Barr: Have you seen any differences in how the different variants affect the patients? Or not so much?


Chan: I’ll be honest with you: we don’t have that level of information. All we have is a positive PCR test. We don’t have genetic testing on the virus itself, so I can’t answer that question. We know from what the research is telling us—not mine but others’—that the Omicron variant is much more transmissible, but perhaps doesn’t get as deep into the lungs and stays higher up in the bronchus and in the oral pharynx. So, [in] the mouth and the throat as opposed to down in the lungs where damage can be much more dangerous. You have fewer people hospitalized and fewer deaths. It doesn’t mean you can avoid a vaccination if you don’t want to get sick. People will still die from Omicron; it’s just going to be a smaller number.


Barr: In addition to being a scientist and a physician, you’re also a person who’s living through the pandemic. Personally, what opportunities and challenges has COVID-19 presented for you?
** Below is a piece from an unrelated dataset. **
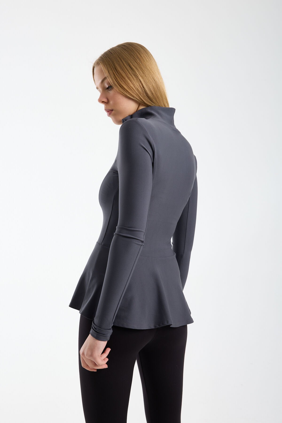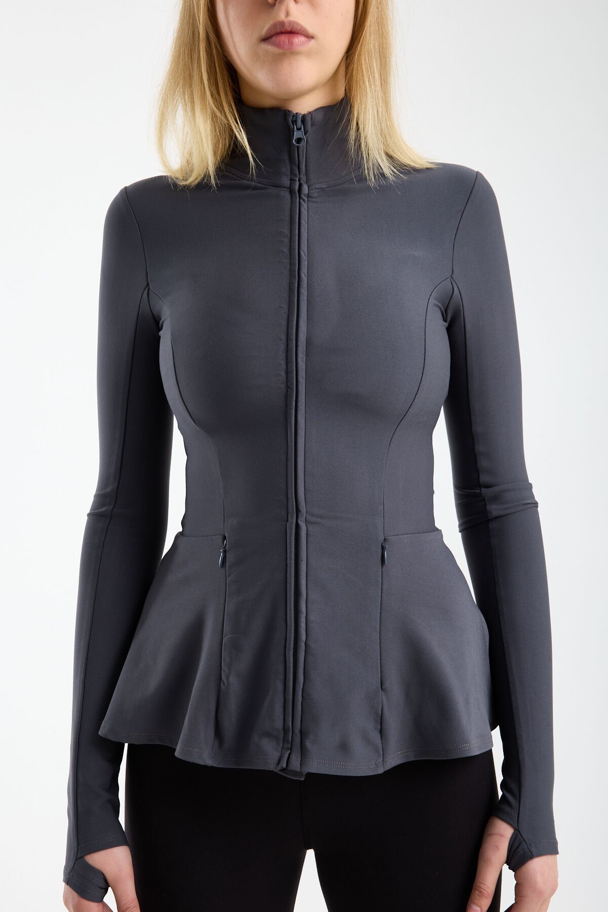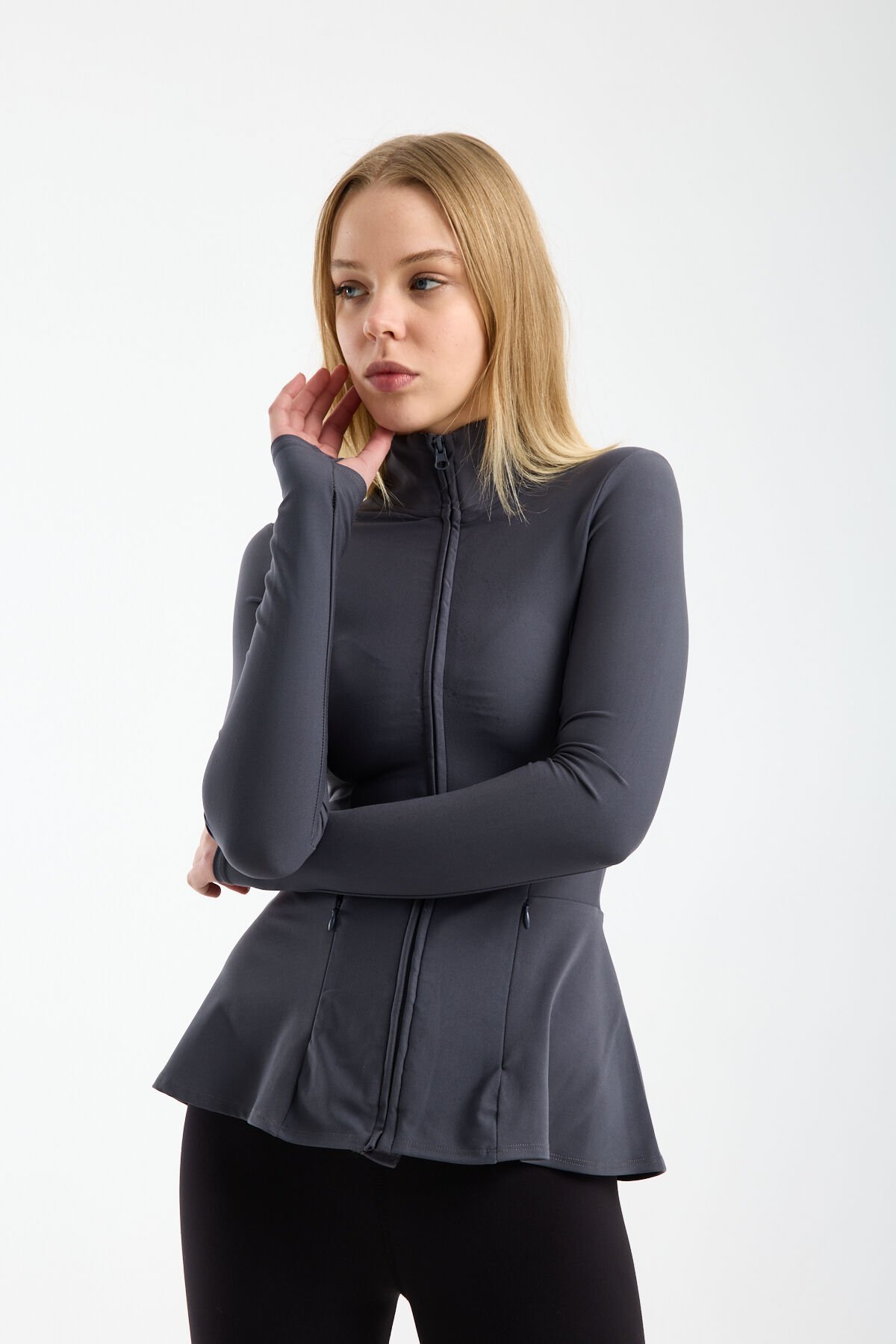 Kadın Dik Yaka Fermuarlı Volan Detaylı Esnek Spor Ceket XL - KOYU GRİ

Chan: I have two young kids, so like any other parent, trying to navigate schools opening and closing based on COVID restrictions is very difficult. Lately, it’s been staffing issues. School busses over the last couple of weeks have been very erratic because the school bus drivers themselves are getting sick. So, you never know. They don’t call in until first thing in the morning, so you never know when your bus is going to show up. There’s that issue, which is just managing school. Then my son Josh has special needs, and he did virtual school almost all last year—so did my daughter—so that was very, very difficult. That took its toll on the kids emotionally and on us as parents—to try to work and manage their school virtually as well. Then I have my elderly parents—they’re both near 90—and we didn’t get to see them very much because we didn’t want to expose them. Until the vaccines came out, we didn’t see them much at all—so we went over a year without seeing much of my kids’ grandparents. That was difficult. I haven’t had a vacation in two years—you know, a true vacation just for myself. It’s always been something around family—we did take some time off in Vermont. But just to go see my buddies to go skiing or go fishing, I haven’t done that in a couple years. That has been a disappointment and a struggle. Those are all the things that are problems. Now what is the bright side? There are a lot of people who struggle in many ways. People have lost jobs; a lot of people have lost homes. A lot of people have had a much tougher time than I ever will, and so I do feel lucky and privileged to be living here in a pretty safe environment with the ability to keep myself and my family safe. And then unbelievably proud to work at NIH, which in many ways has been a beacon of hope for the entire country, despite the way that politicians have politicized science. If you take a pretty unpolitical view of what NIH has achieved and what we’ve helped to create for literally the world, there’s no denying that the work of NIH has saved millions of lives. To be part of that is just something to be incredibly proud of.


Barr: Definitely. Is there anything else that you would like to share about your COVID-19 work or experiences?


Chan: No, I don’t think so. You’ve tapped me out. It’s been a real pleasure talking to you. Thank you for doing this. I look forward to seeing the edited version.


Barr: Thank you for all your service.